I used D400 only when I was a student, 20 years ago: exactly when the current version came out. Back then I didn’t know what to look at, and my exposure and development were not optimal, so I can’t say anything first hand.
From reading -for years- hundreds of posts in Photrio, Leica Forum, FADU, largeformatphotography, rangefinderforum, Photo.net, etc., this is what I conclude:
Delta400 is a bit slower than HP5+: lots of users report horrible grain growth and blocked highlights at EI400: that’s common mostly with D-76/ID-11. It seems at 400 in MQ developers D400 has a contrasty/pushed look. I’d say this comes many times from HP5+ users who know by experience the lowish native contrast of HP5+.
Its slightly lower speed makes a lot of users say EI200 is correct. I’d say the film was called 400 for DD-X use, the same way TMX and TMY are not really 100 and 400 in D-76 unless we push development a little, but those two reach box speed in TMaxDev with great tone.
Most users reporting great tone and great image structure with D400 use metol developers, like Perceptol and Barry Thornton’s 2 bath developer, exposing at 200 or 250. For sunny scenes wet printed, diluted Perceptol seems the best option for controlled highlights and best grain.
All this is nothing new, and not really far from HP5+, but as D400 doesn’t have the same “different speed grain layers” as often called, it’s not a film equally good, for uprating, as HP5+, or at least not to the same degree: HP5+ can be beautiful at EI3200 for wet printing overcast scenes, while I’d say D400 at EI800 is fine, but at EI1600 probably it’s a better idea using HP5+.
I’m not very interested in D400 for pushing or for street, but I’d like to see its best version for 35mm wet printing for mixed scenes rolls.
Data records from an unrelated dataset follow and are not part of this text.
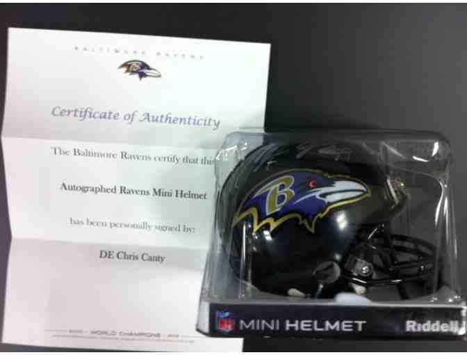 Ravens Defensive End Chris Canty Autographed Mini Helmet. Includes certificate of authenticity.
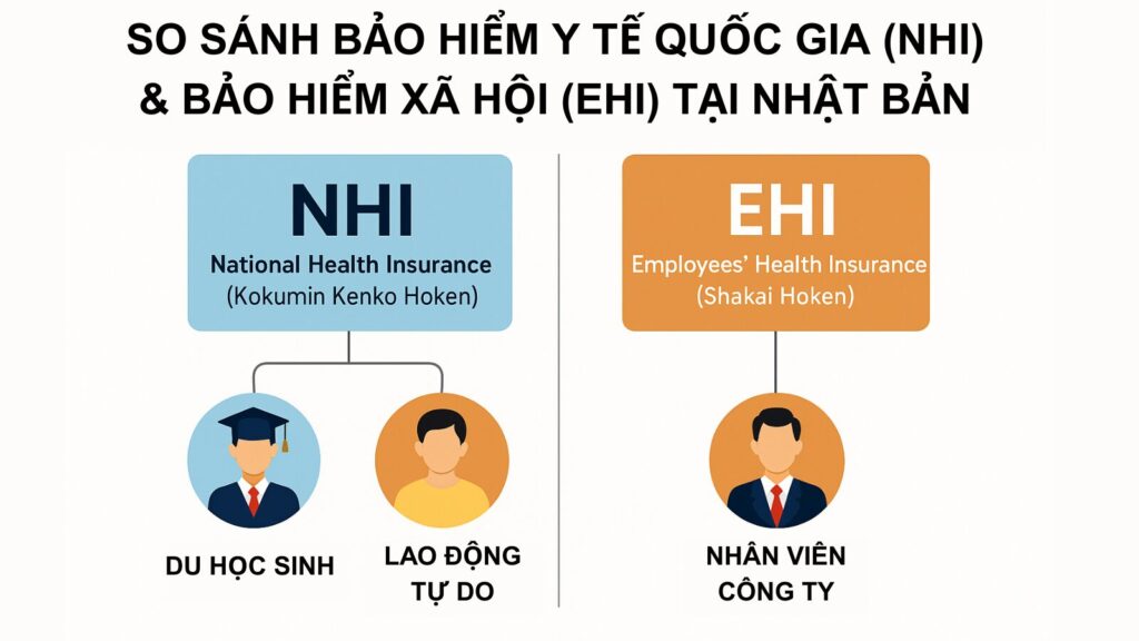 - Người lao động tự do, người làm thêm (baito), kinh doanh cá nhân, làm tại công ty không đủ điều kiện cấp EHI → tham gia NHI
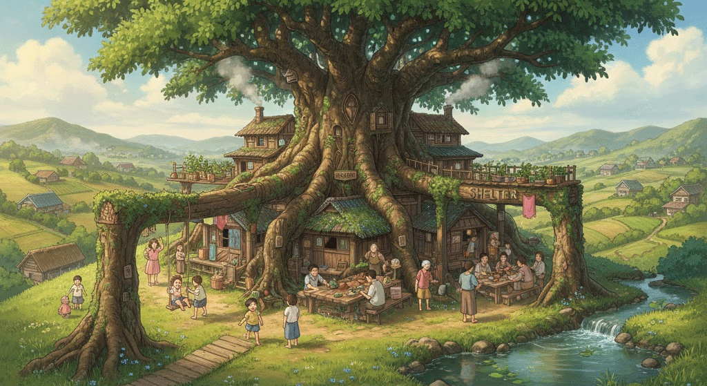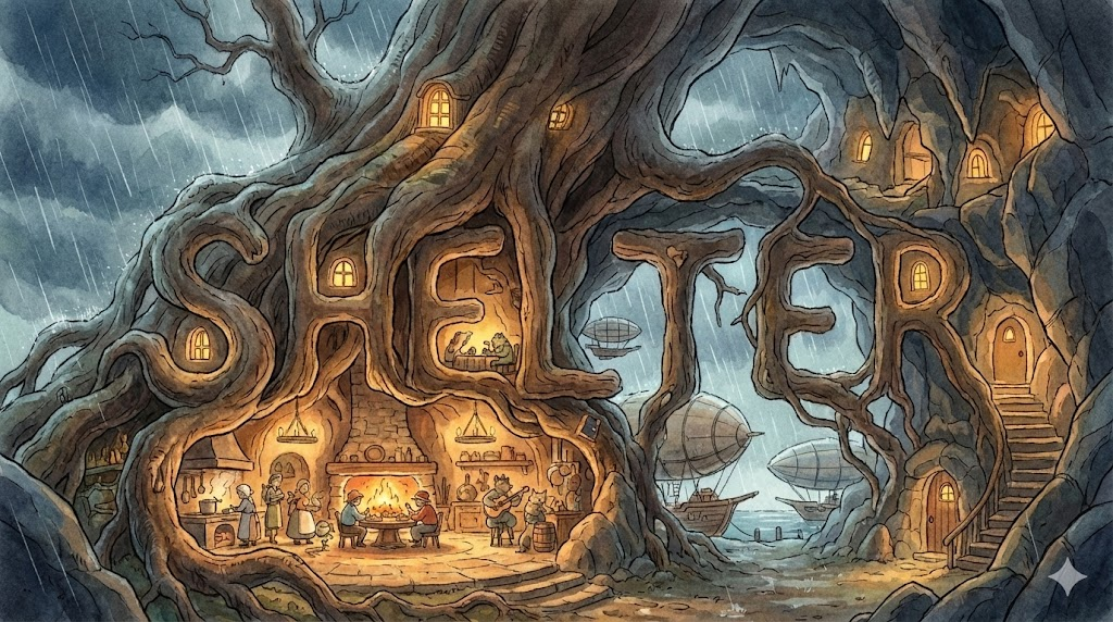 shelter는 **'방패'**라는 어원에서 알 수 있듯이, 외부의 부정적인 힘(날씨, 공격, 위험)을 적극적으로 막아내고 안심할 수 있는 공간을 핵심 뉘앙스로 가집니다. 이는 물리적인 건물이나 임시 구조물(피난처)일 수도 있고, 법적 제도나 심리적 안정을 제공하는 수단(보호)일 수도 있습니다. 핵심은 **'위협으로부터의 안전한 격리'**입니다.

Xtol doesn’t produce beautiful sharp grain with D400 when it’s wet printed, as far as I know, but if it does, it would be good to take a look.
Of course, scanning is a different field, and software/virtual sharpening can create things that are not in the negative.
Especially, it would be cool to see if D400 has its own look, and its own grain too, as beautiful as those of Tri-X when it’s correctly exposed and correctly developed for wet printed sharp present grain, but with high resolving power and great clean tone despite its present grain in the whole 35mm frame.